# Parting tool from a jointer blade



## barry richardson (Feb 4, 2016)

I mentioned in another thread that jointer blades made great parting tools, so while I was snapping pics this evening I took a picture of one I just made. Bubinga handle. My other one is getting kinda short. The steel on these is harder than regular turning tools, which means it might snap rather than bend, but I have never had a problem, and I have abused it pretty hard, it takes and holds a very sharp edge. The handle is 2 pieces, I dado a shallow groove in each side to accept the tang portion (about 2") for a nice tight fit, then clamp together with epoxy, or in this case, JB weld. Then I round the handle over on the router, take it to the belt sander to smooth out any other corners,then done.
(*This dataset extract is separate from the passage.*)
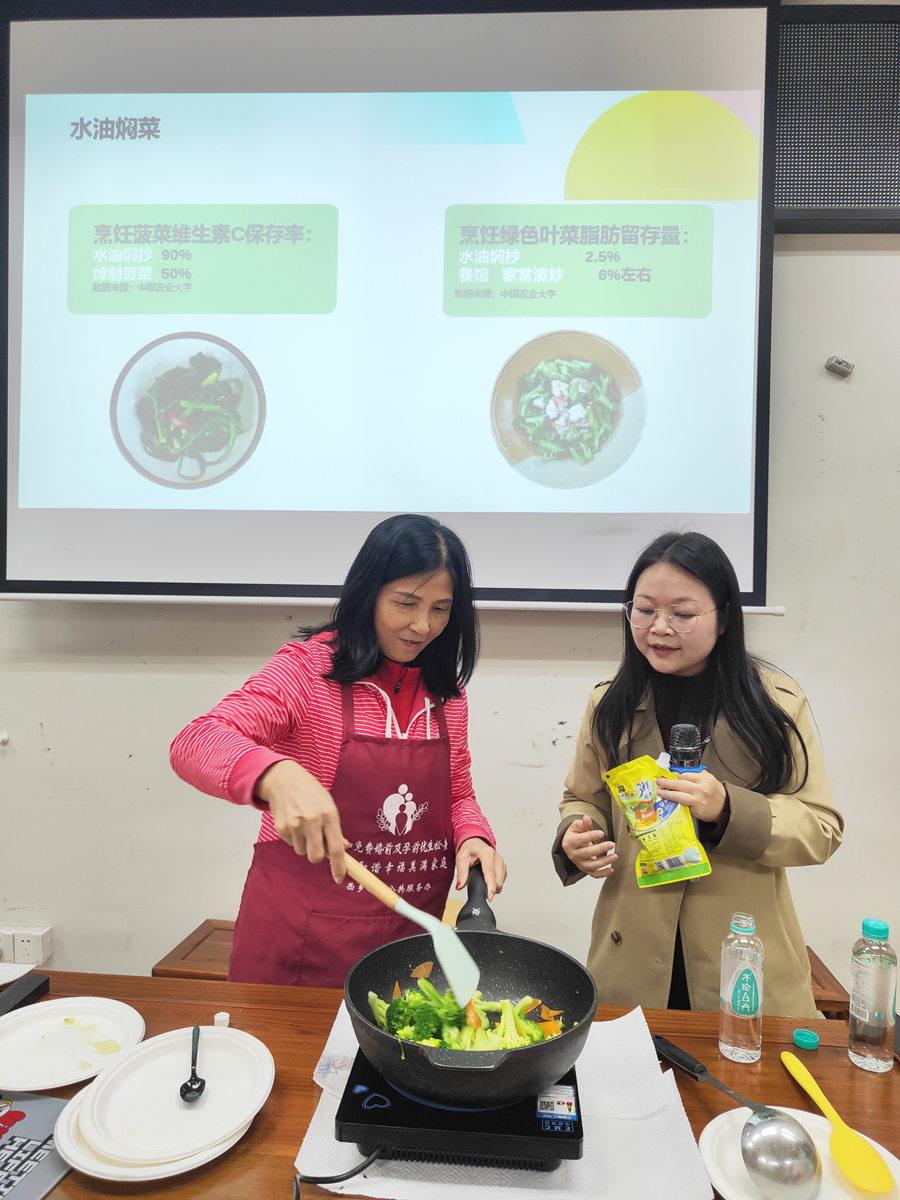 最让老人们感兴趣的是现场营养搭配的健康食疗做法展示环节。小玲老师亲自下厨,以新鲜的食材为原料,为大家演示了几道简单易学且营养丰富的食疗菜品制作过程。她一边操作,一边讲解食材的选择、处理方法以及烹饪技巧,让老人们直观地学习到如何将营养知识转化为美味佳肴。老人们纷纷围拢在操作台前,认真观看,不时提问,现场气氛十分活跃。

My first one stayed completely solid... Oh yea, you have to grind off the edge of the blade too....

Reactions: Like 3 | Way Cool 3


----------



## ripjack13 (Feb 4, 2016)

Cool tool. Dema had a video on making one. Very informative. And @Bean_counter is looking to make one too....

Reactions: Like 1


----------



## Jim Beam (Feb 4, 2016)

How thick is it? I would like to have a 1/16" parting tool.


----------



## ripjack13 (Feb 4, 2016)

Jim Beam said:


> How thick is it? I would like to have a 1/16" parting tool.



Use a sawzall blade. Those are good n solid. And they come cheap! Try the metal cutting blades....


----------



## ripjack13 (Feb 4, 2016)

ripjack13 said:


> Cool tool. Dema had a video on making one. Very informative. And @Bean_counter is looking to make one too....




Man...I'm such a dolt. I coulda swore it said marking tool from jointer blade. Derp...


----------



## gman2431 (Feb 7, 2016)

Very nice. I got a couple I made from old planet blades that work great also. 

I still need to get the old ones out and sent to @Bean_counter. Haven't forgot man!

Reactions: Thank You! 1


----------



## robert flynt (Feb 7, 2016)

Barry, I have a friend who makes and sell some of the finest turning tools, with exotic wood handles, you can get. His Fred Messer.


----------



## Tim Carter (Feb 8, 2016)

Looks good! I'd suggest you add a ferrule to strengthen it, especially with a 2-part handle.


----------



## barry richardson (Feb 8, 2016)

Tim Carter said:


> Looks good! I'd suggest you add a ferrule to strengthen it, especially with a 2-part handle.


Thanks Tim, a ferrule is not necessary with this design, I've had parting tools with ferrules fail and come out of their sockets, get loose and sloppy, etc, I have an old one with this design that I have put through the wringer and it is still rock solid, the metal would break before the handle would.....


----------